= Ngāti Wairangi (South Island iwi) =

Māori iwi (tribe) in New Zealand

Ngāti Wairangi was a Māori iwi (tribe). Its rohe (tribal area) covers the West Coast of the South Island of New Zealand.

It was the last Kāhui tribe to be integrated into Ngāi Tahu, the principal tribe of the South Island today. The West Coast was commonly known as Te Tai Poutini, named for a Taniwha who protected the people and pounamu of the region. They held control over Arahura, a settlement known for its deposits of pounamu (greenstone), which led to conflict as Ngāi Tahu conquered the South Island in the 1600s and 1700s.

== History ==
It is believed that the Ngāti Wairangi were a pre-Aotea tribe (originating from before when New Zealand was known as Aotearoa), migrating from the Taranaki Region to the West Coast in the first Waitaha migration south.
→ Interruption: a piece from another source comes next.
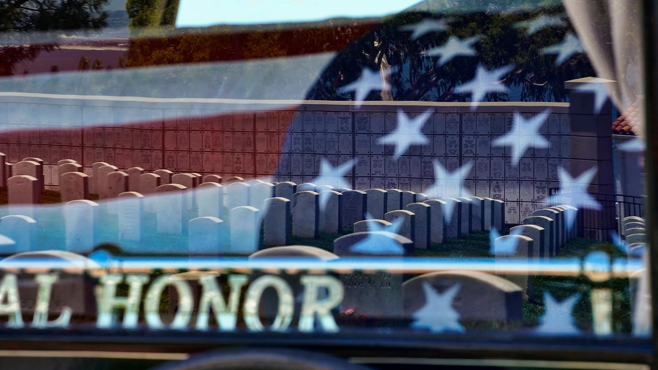 A military honor guard drapes a U.S. flag over the casket of Marine Corps, Pfc. John Franklin Middleswart for a full military honors at Fort Rosecrans National Cemetery, Tuesday, June 8, 2021 in San Diego. Eighty years after he died in the attack on Pearl Harbor and just months after his remains were finally identified, the California Marine has been laid to rest with full military honors. About 50 people attended the ceremony Tuesday for Middleswart in his hometown of San Diego, the Union-Tribune reported. (Nelvin C. Cepeda/The San Diego Union-Tribune via AP)
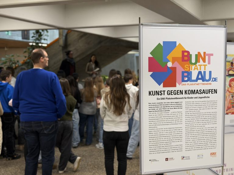 Der Plakatwettbewerb „bunt statt blau“ fand 2025 bereits zum 16. Mal statt. Unter dem Motto „Kunst gegen Komasaufen“ hatte die DAK-Gesundheit 2010 die Präventionskampagne gestartet. Seither haben sich mehr als 143.000 Jungen und Mädchen zwischen zwölf und 17 Jahren daran beteiligt und bunte Plakate gegen das Rauschtrinken gestaltet. Bundesschirmherr ist der Beauftragte der Bundesregierung für Sucht- und Drogenfragen Prof. Dr. Hendrik Streeck. Auf Landesebene unterstützt der ehemalige Nationaltorhüter und VfB-Legende Timo Hildebrand den Wettbewerb.

Ngāti Wairangi was a relatively isolated tribe, as there were no known paths across the Southern Alps to the Canterbury Plains until Raureka discovered one crossing from west to east. The tribe eventually connected with Ngāi Tahu through multiple strategic marriages before eventual conflict between the two iwi that assimilated Ngāti Wairangi into Ngāi Tahu at the battle of Lake Mahinapua by the late 1700s. The region was invaded again by northern tribes in the 1830s, but Ngāi Tahu maintained control and still does to this day.